The Man with the Golden Arm (Otto Preminger / U.S., 1955):

Frank Sinatra's arrival by bus to his old turf is reworked by Minnelli in Some Came Running, Otto Preminger has it in two splendid strokes: A tracking shot follows the protagonist past pool halls and pawn shops, then a reverse close-up from inside the saloon frames him next to neon letters in reverse. "Here we go, down and dirty." The arm shines at cards until heroin takes its toll, fresh out of prison it is kept busy with drumsticks, but, as the dandified pusher (Darren McGavin) says, "the monkey never dies. When you kick him off, he just hides in a corner, waitin' his turn." A whole seedy neighborhood in the studio as a laboratory experiment, add to it a roving camera and there's a conscious transposition of Germanic Neue Sachlichkeit to the American Lower Depths. "That unfinished feeling" in the vortex, everybody's story, from McGavin's malignant urbanity to Arnold Stang's ratty obsequiousness to Robert Strauss' cigar-chewing truculence to Eleanor Parker's full-bodied neediness.

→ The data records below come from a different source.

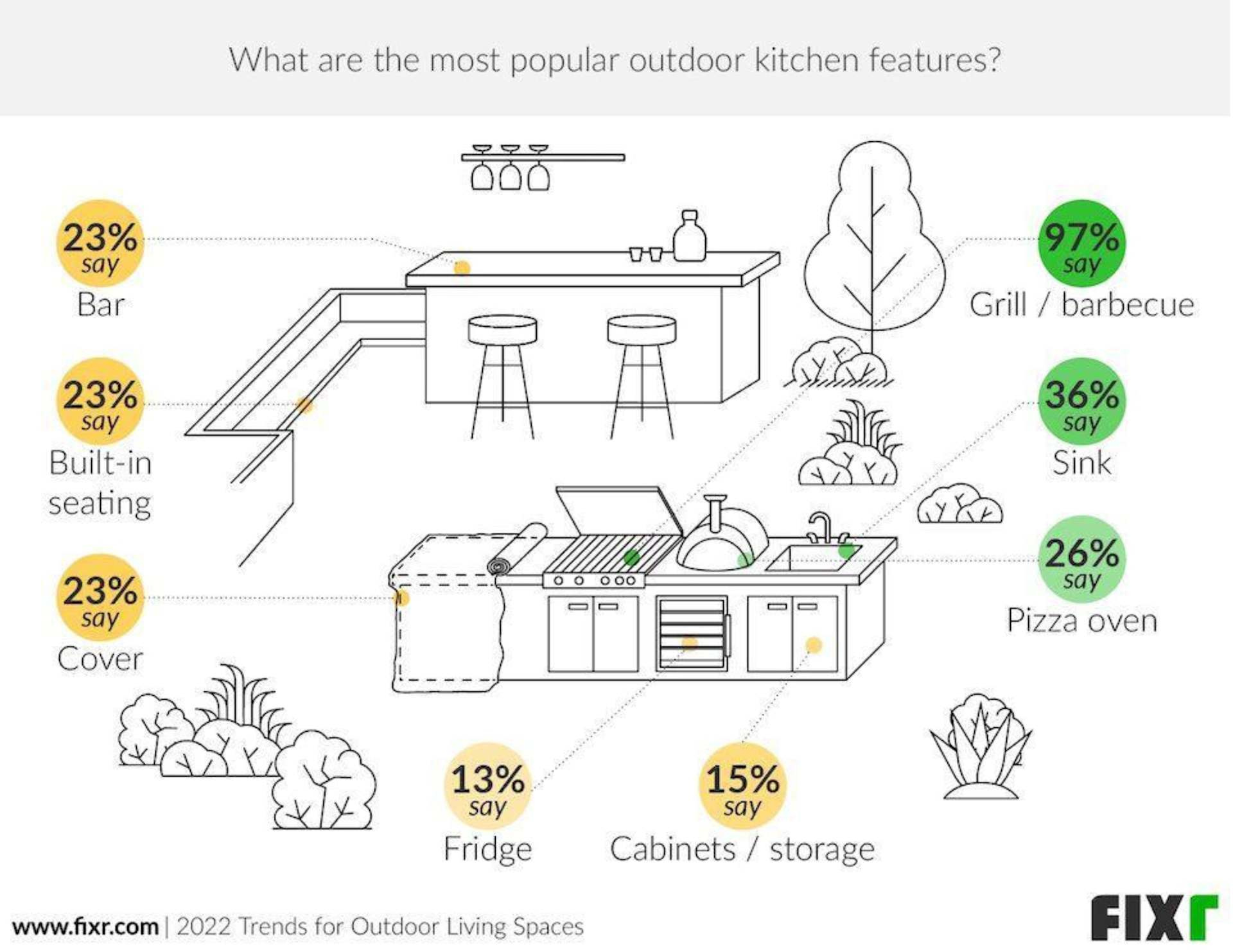 - 56% of the home design experts surveyed by Fixr.com believed homeowners put a high priority on making their outdoor living spaces look and feel more like their interior spaces. (Fixr.com 2022 Outdoor Living Trends Report)
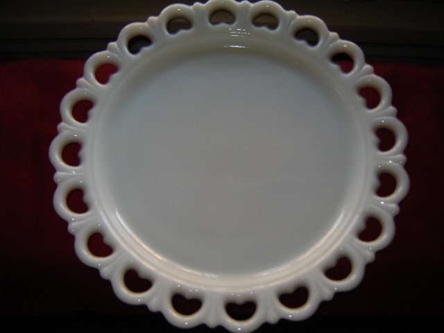 VNTG Anchor Hocking Lace Edge Milk Glass Cake Plate
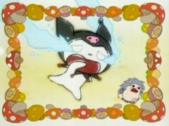 待ちに待った9話「縄跳びたくさん跳べたらイイナ!」です。先週の予告でマイメロが食べていたものがやっと判明しました。どうやら黄色い物体はハンバーグみたいですね。そして歌は物食べすぎ今回は朝食支度と夕飯の食事シーンがあったのですがどちらもマイメロが作ってたようです、3人も娘いるんだから一人くらい料理作ったっていいと思うんですが…歌はマイメロに作らせていた物をすごいペースで延々と食べていました。前半はあまり見る部分がなかったのですが、クロミがぐれてみたり・・・なぜかカメレオンの矢沢思い出しました。これだけ見るとマイメロがパパを毛嫌いしてるように見えます。今回もマイメロは前回のお猫様に追われていました、噴水で調子に乗ってポーズなんか決めているのが悪いんだと思うんですけどね。とりあえず前半のサービスシーンはこれかこれでしょうか(きっとシャドー枕パンチ)あとDVD1巻の発売決定したみたいです、4話入って2,205円は安いですね、でもCDみたいに二枚は買いません。クロミノートも更新。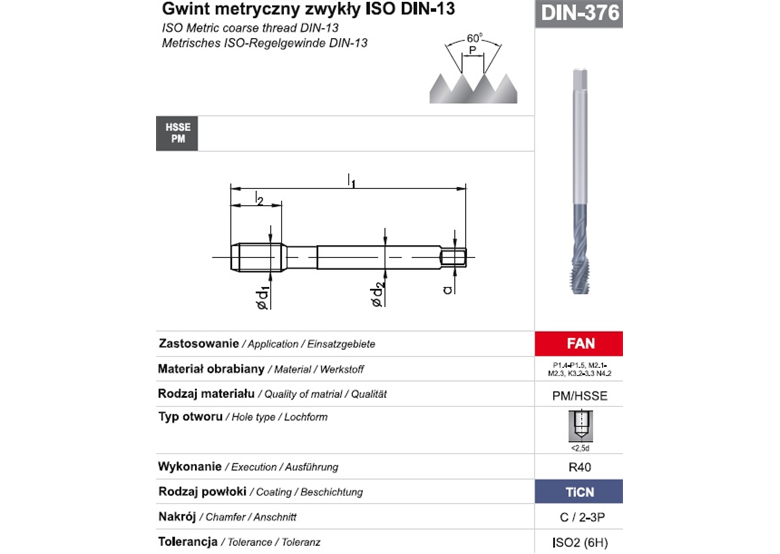 Gwintownik maszynowy wysokowydajny prawoskrętny z gwintem metrycznym zwykłym wykonany zgodnie z normą DIN-376C, R40 FAN TICN jest przeznaczony do otworów nieprzelotowych. Materiał, z jakiego został zrobiony gwintownik - stal szybkotnąca proszkowa - dzięki technologii wykonania PM - charakteryzuje się podwyższoną odpornością termiczną i odpornością na ścieranie. Poddanie obróbce w piecu próżniowym zapewnia wysoką twardość narzędzia przy zachowaniu dobrej ciągliwości. Powłoka TiCN (węgloazotek tytanu) zwiększa twardość powierzchni do ok. 3000 HV. Gwintownik jest idealny do pracy w stali narzędziowej i trudnoobrabialnej o wytrzymałości 800MPa<=Rm<=1200MPa oraz ulepszanej cieplnie do 38 HRC, stali stopowej, stali narzędziowej, stali nierdzewnej ferrytycznej, martenzytycznej, austenitycznej, austenityczno-ferrytycznej (duplex), żeliwie ciągliwym, żeliwie sferoidalnym, stopach aluminium 1%< Si<7%. Dane techniczne: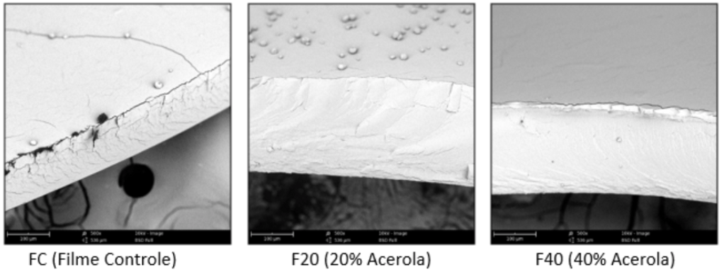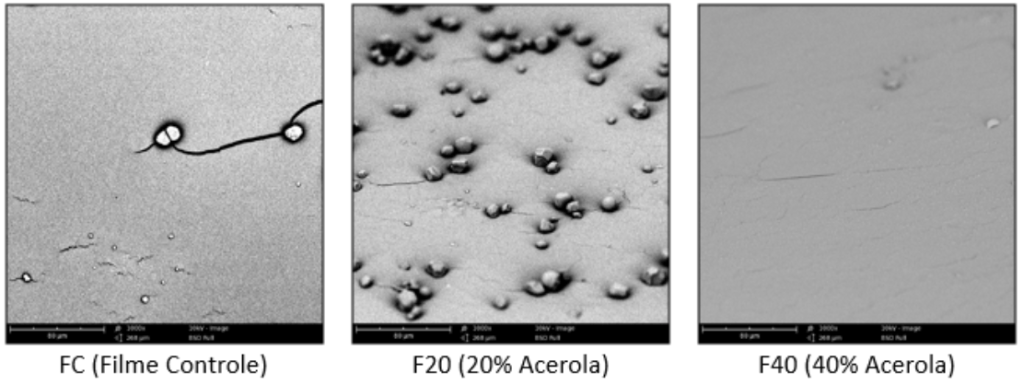 Através das fotomicrografias de superfície com aumento de 1.000 X (Figura 3), e das fotomicrografias da seção transversal com aumento de 500 X (Figura 4), é possível observar que o biofilme FC (sem adição de acerola) apresentou uma estrutura homogênea, porém, observam–se alguns grânulos de amido não dissolvidos. Além disso, nota–se também, algumas rachaduras em sua superfície. O filme F20, expôs bastante irregularidades e descontinuidade, com muitos grânulos de amido não dissolvidos na superfície, provavelmente ocorreu algum erro experimental referente a temperatura de gelatinização que impediu o rompimento dos grânulos de amido. Já o filme F40, apresentou uma estrutura compacta e densa, praticamente sem irregularidades.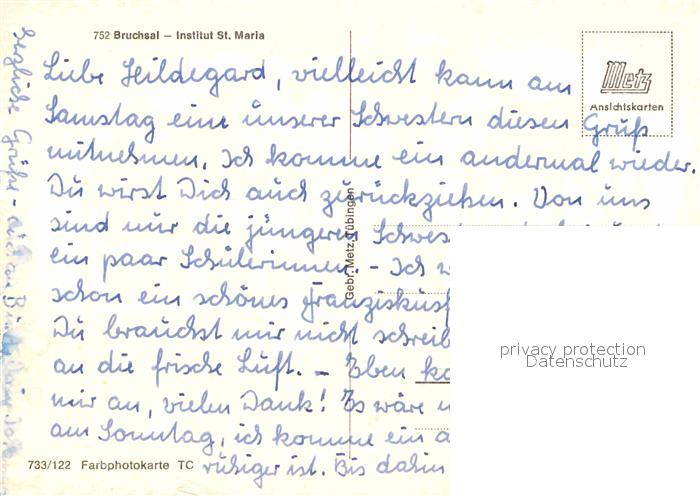 72716818 Bruchsal Institut St Maria postalisch nicht gelaufen Erhaltung siehe scans [FriedD77] KatCode: 11110008215009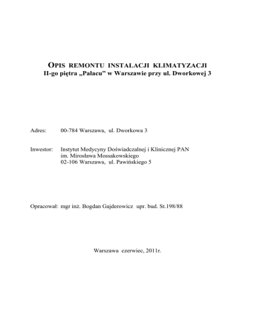 OPIS REMONTU INSTALACJI KLIMATYZACJI II-go piętra „Pałacu” w Warszawie przy ul. Dworkowej 3 Adres: 00-784 Warszawa, ul. Dworkowa 3 Inwestor: Instytut Medycyny Doświadczalnej i Klinicznej PAN im. Mirosława Mossakowskiego 02-106 Warszawa, ul. Pawińskiego 5 Opracował: mgr inż. Bogdan Gajderowicz upr. bud. St.198/88 Warszawa czerwiec, 2011r. OPIS TECHNICZNY 1. Przedmiotem opracowania jest remont instalacji klimatyzacji II-giego piętra „Pałacu” 2. Podstawa opracowania: Projekt Wykonawczy Instalacji chłodniczych, opracowany przez DMS Sernice P.P.H.U. Sp. z o.o. ul. Melomanów 2A lok. 31, 00-712 W-wa, maj 1998r. 3. Opis stanu istniejącego: − Klimakonwektory do których doprowadzana jest woda chłodnicza, wykonano jako elementy dochładzające w pomieszczeniach klimatyzowanych. Pracują na powietrzu obiegowym ze sterowaniem termostatem pokojowym. − Źródłem chłodu jest agregat chłodniczy firmy Trane typ ECGWH 115 zlokalizowany w maszynowni wentylacyjnej w piwnicy, współpracujący ze skraplaczem umieszczonym na dachu budynku. − Z agregatu chłodniczego woda chłodnicza doprowadzana jest do klimakonwektorów siecią rurociągów. Instalacja wody chłodniczej jest wspólna dla wszystkich pomieszczeń biurowych w budynku na wszystkich kondygnacjach. − Zestawienie mocy chłodniczych klimakonwektorów w pomieszczeniach biurowych na II-gim piętrze budynku (numeracja pomieszczeń zgodnie z rysunkiem): strona północna: pom. nr 1 - 862 W - 1 szt. pom. nr 5 - 1149 W - 1 szt. pom. nr 9 - 1049 W - 1 szt. pom. nr 12 - 2430 W - 2 szt. strona południowa: pom. nr 2 - 3185 W - 2 szt. pom. nr 7 - 2904 W - 2 szt. pom. nr 11 - 2877 W - 2 szt. W pomieszczeniach zamontowane są klimakonwektory podsufitowe oraz w pomieszczeniu 306 (owalna sala) – urządzania przypodłogowe. 4. Opis zużucia instalacji klimatyzacyjnej: − układ sterowania klimakonwektorami w większości pomieszczeń działa nieprawidłowo – wymiany wymagają zarówno termostaty jak i zawory regulacyjne; − agregat chłodniczy (chiller) wymaga wykonania prac serwisowych i remontowych: uszczelnienie i uzupełnienie układu glikolowego; − działanie presostatów wymaga sprawdzenia; − elektronika sterująca pracą chillera wymaga wymiany; − klimakonwektory zamontowane w pomieszczeniach wykazują duży stopień zużycia, głośna praca wentylatorów, skorodowane obudowy. 2 5. Przewidywane rozwiązanie: − wymiana klimakonwektorów z zaworami regulacyjnymi i termostatami: klimakonwektory nadstropowe – 9 szt.; urządzenia ścienne – 2 szt. − wykonanie prac serwisowych agregatu chłodniczego oraz wymiana freonu lub wymiana agregatu chłodniczego; − sprawdzenie szczelności układu wody chłodniczej, napełnienie układu wodą uzdatnioną z montażem układu zmiękczania wody; − uszczelnienie układu glikolowego, uzupełnienie czynnika. 3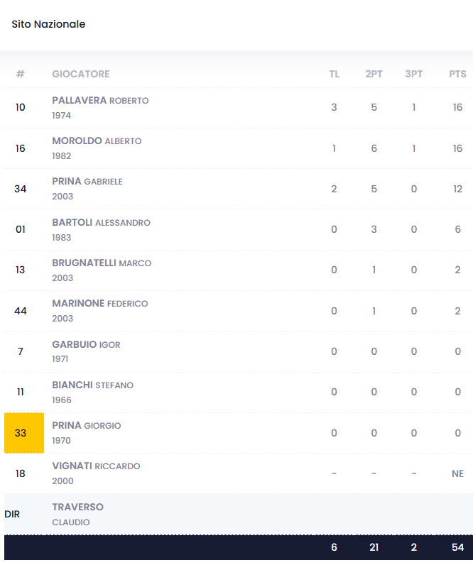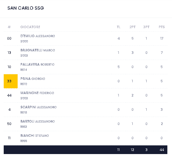 STATISTICHE SAN CARLO SSG vs UNICORN MILANO 54-51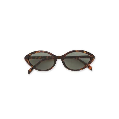 美しいカーブを描くセルフレームは、適度なボリューム感で小顔効果も叶います。テンプルに付いたメタルのドットもポイントです。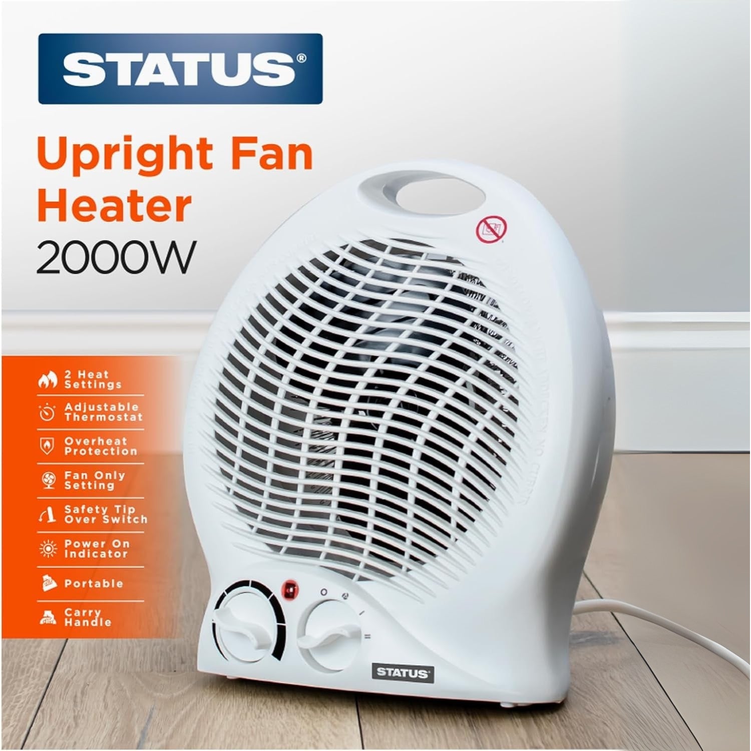 The discreet, portable 2000W fan heater from Status features an adjustable thermostat and fan-only setting, meaning as well providing instant heat it can also improves air circulation, reducing humidity, damp and chance of mould. The fan heater operates comfortably in free standing position.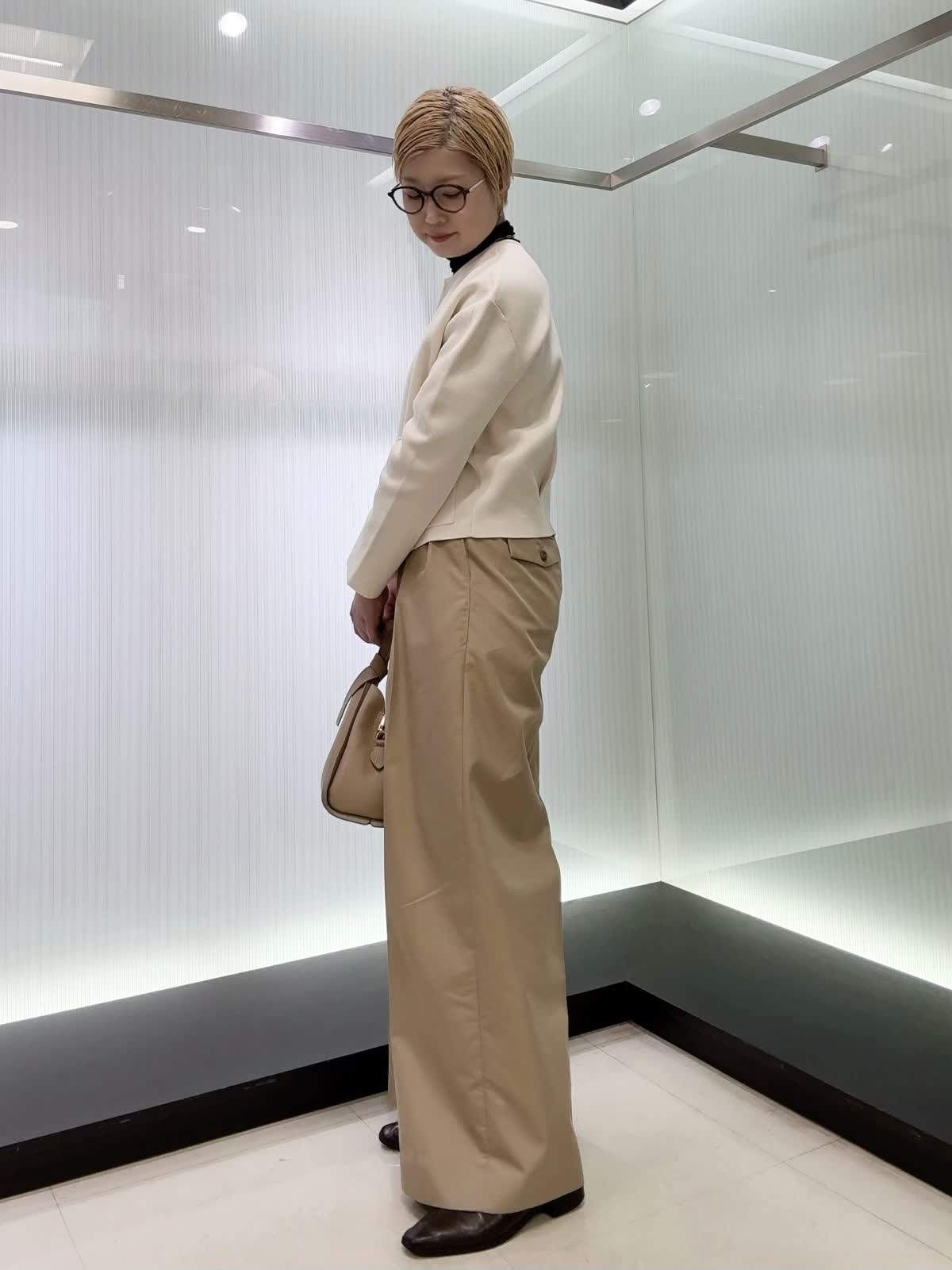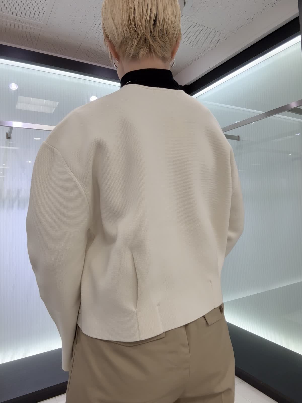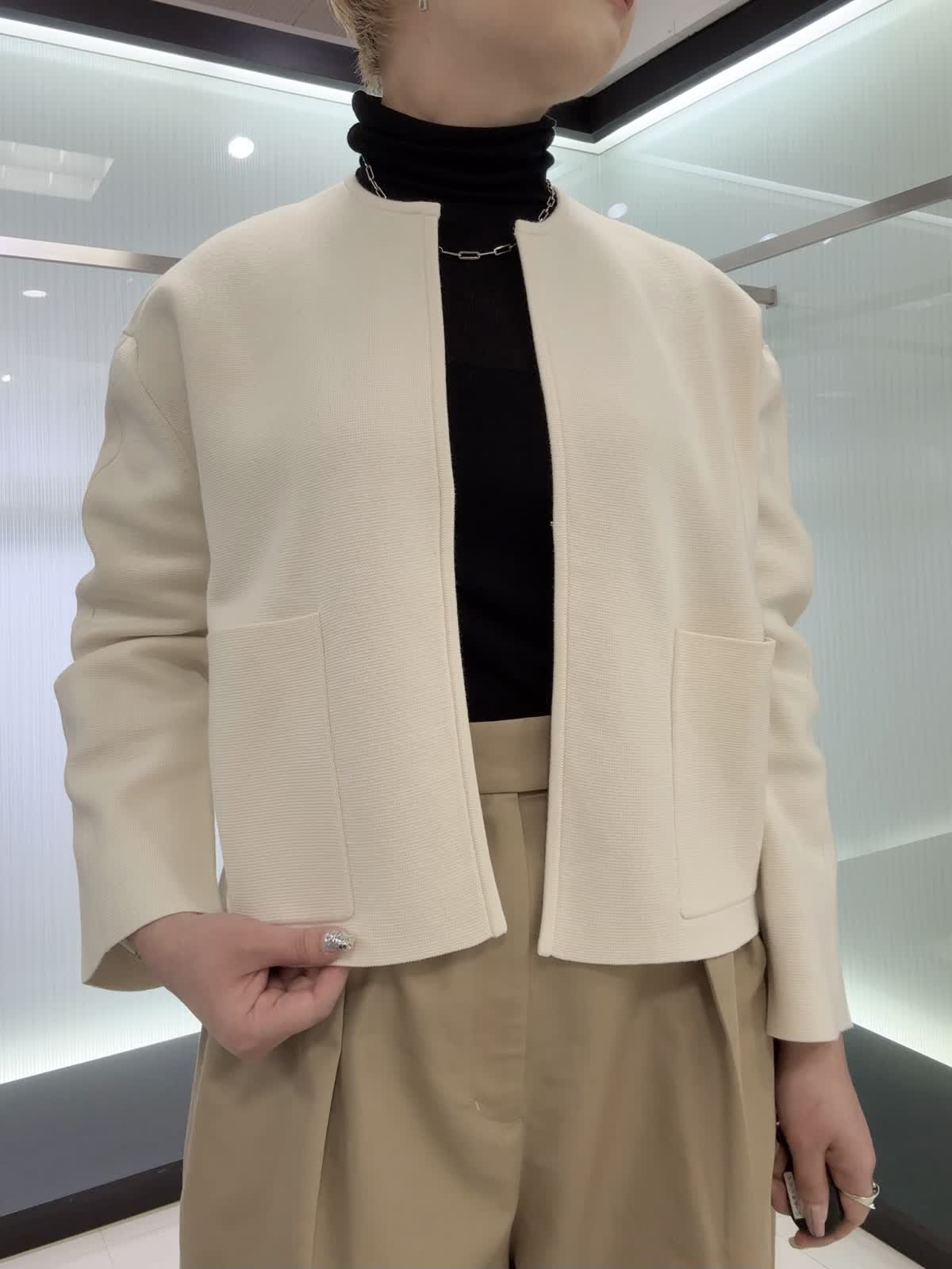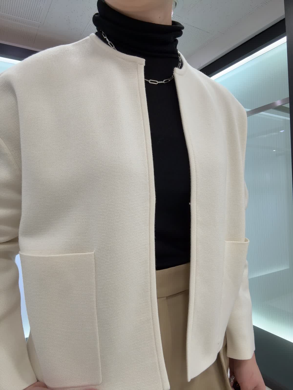 【着用】カーディガン : オフホワイト/フリー カットソー : ブラック/9号 パンツ : ベージュ/ 7号 立体感のあるシルエットが魅力のカーディガン。ジャケットのようなきちんと感もあるので綺麗めコーデにもおすすめです♪程よい着丈なのでロングスカートやワイドパンツなどにもバランス良く着られます。

The idealized life is a pair of mannequins in a window display, true warmth is in the burlesque house with the doleful hostess (Kim Novak). Eyes, twitchy and glazed over, register the craving, the crackup comes in the wake of a marathon poker match. "What's it a sign of when a dealer's hand begins to shake?" Above all, the Preminger scrutiny chipping away at his superstar, long takes to lay bare the desperation behind Sinatra's hepcat confidence. (Alone in a locked room with his addiction, he paces and bellows and shivers before the merciless lens.) Vidor's Street Scene for the denouement, a new beginning for the characters and a midpoint for the filmmaker between noir impressionism and hot-button topicality. Cinematography by Samuel Leavitt. With John Conte, Doro Merande, George E. Stone, George Mathews, Emile Meyer, and Leonid Kinskey. In black and white.